Save Havannah’s Red Squirrels

In November 2015, developer Banks submitted an application for 462 houses opposite Havannah and Three Hills Nature Reserve.

We opposed the plans on the grounds that a high-density residential development 3o metres from an ecologically sensitive site like Havannah could seriously compromise biodiversity and threaten the existing red squirrel population.  The land was also liable to flooding and directly underneath the flightpath of Newcastle International Airport.

We were dismayed to see Banks had played down the impact of the proposed development on the nature reserve and had not even acknowledged the presence of the important red squirrel population in Havannah.
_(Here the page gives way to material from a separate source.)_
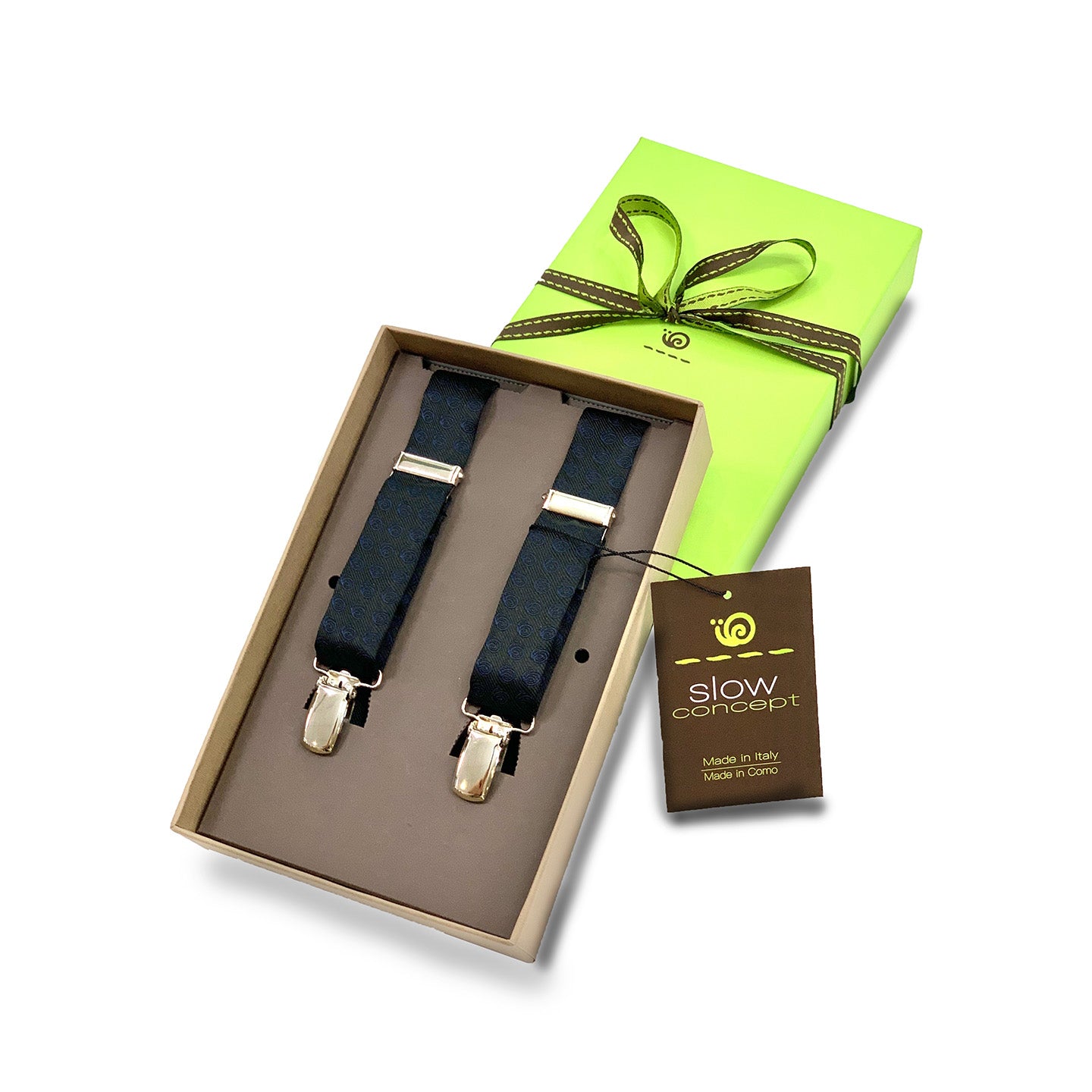 Braces in pure silk jacquard microtonal design snail. Width suspenders silk 2.5 cm.

It was not until we raised this with Banks and Newcastle City Council that details of a red squirrel survey were made available.

Our campaign quickly made the local news and we wrote to all 2016 election candidates asking them to support our cause.

When we discovered Banks had been canvassing local residents with letters in support of their plans, we took to the streets with a letter of our own, highlighting some of the points that Banks had omitted during their conversations with residents. More than 220 people objected to the plans, each of them agreeing to sign our letters. But when we submitted the letters to Newcastle City Council – in person – we were confused as to why the planning officer in charge of the application had classed these 200+ objections as one single objection, while classing Banks’s letters of support as separate responses!

In May we organised a public demonstration in opposition to the plans. Our Red Squirrel Rendezvous was well attended and covered by the local media and the BBC. To raise awareness of the importance of Havannah for wildlife we invited sound recordist Chris Watson to record dawn chorus in the reserve. More than 7,000 people signed our online petition against the proposals.

Newcastle International Airport objected to the plans on the grounds that residential development in the location would subject residents to ‘significant community annoyance’.

It was a long, drawn out affair, with several delays, but the plans eventually went before committee on 8th July 2016, where, much to our amazement, we learnt the airport had withdrawn its objection. In spite of us putting forward a strong case, and giving the committee several valid reasons to refuse the application on planning grounds, the plans were approved. It was only after the meeting we learnt how the airport had come to withdraw its objection: on the grounds that the deeds for every house onsite would reference the ‘significant community annoyance’ from overhead aircraft.

But that was not the end of the saga. Because it took so long to draw up the legal agreements, and with the introduction of new planning levy by Newcastle City Council in November 2016,  the plans had to go back to committee.  After several more delays the amended plans were eventually considered on 2nd December 2016, after the introduction of the Community Infrastructure Levy. Because the application had been delayed for so long, it was now no longer deemed necessary for Banks to cough up the £1.17million promised for secondary education in July, when the plans were originally approved.

Despite untimely delays and the approval of the plans, we succeeded in putting on the pressure, which resulted in Banks promising to pay £30,000 towards red squirrel conservation and £200,000 towards off-site management and maintenance of Havannah and Three Hills Nature Reserve.